Your goal – Only one stretch of the data should be retyped: the lines from the line containing "Anies menyampaikan, kenaikan" through the line containing "ログは最新のものから順に最大". Keep pictures out of it.

Task material –
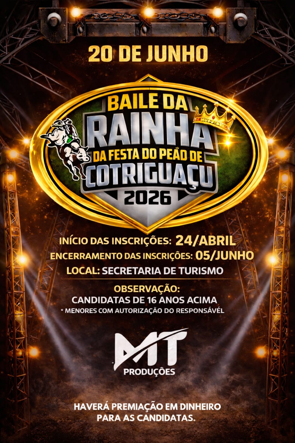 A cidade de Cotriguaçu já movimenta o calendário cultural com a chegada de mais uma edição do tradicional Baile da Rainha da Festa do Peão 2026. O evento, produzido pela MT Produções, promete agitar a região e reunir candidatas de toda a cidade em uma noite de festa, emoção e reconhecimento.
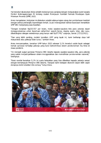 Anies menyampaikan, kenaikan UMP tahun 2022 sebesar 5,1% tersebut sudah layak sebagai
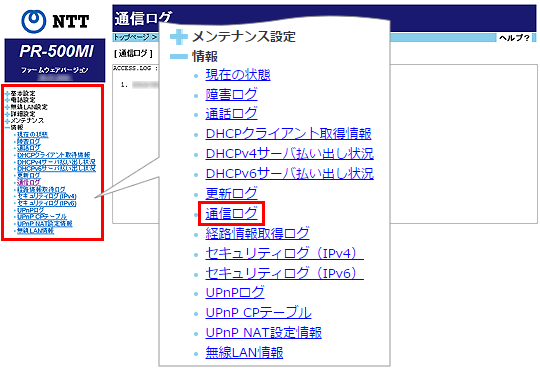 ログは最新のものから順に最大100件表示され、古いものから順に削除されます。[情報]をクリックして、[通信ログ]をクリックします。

...

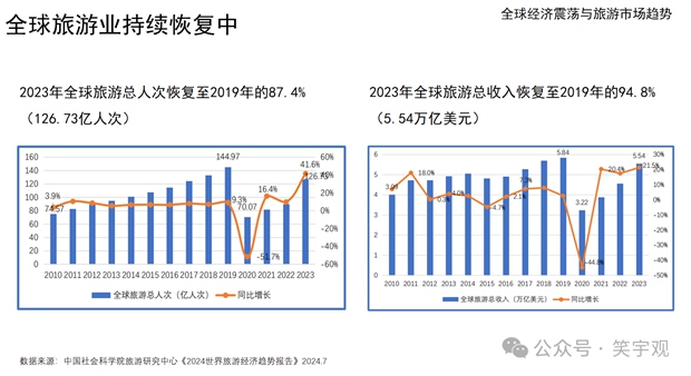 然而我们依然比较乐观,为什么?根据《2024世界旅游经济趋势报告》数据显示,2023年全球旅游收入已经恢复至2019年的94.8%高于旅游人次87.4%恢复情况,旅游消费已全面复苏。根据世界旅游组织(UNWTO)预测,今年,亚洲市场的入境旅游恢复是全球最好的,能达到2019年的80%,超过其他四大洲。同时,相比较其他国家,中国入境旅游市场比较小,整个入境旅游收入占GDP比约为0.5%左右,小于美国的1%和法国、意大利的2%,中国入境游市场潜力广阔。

Task result –
 Anies menyampaikan, kenaikan UMP tahun 2022 sebesar 5,1% tersebut sudah layak sebagai
 ログは最新のものから順に最大100件表示され、古いものから順に削除されます。[情報]をクリックして、[通信ログ]をクリックします。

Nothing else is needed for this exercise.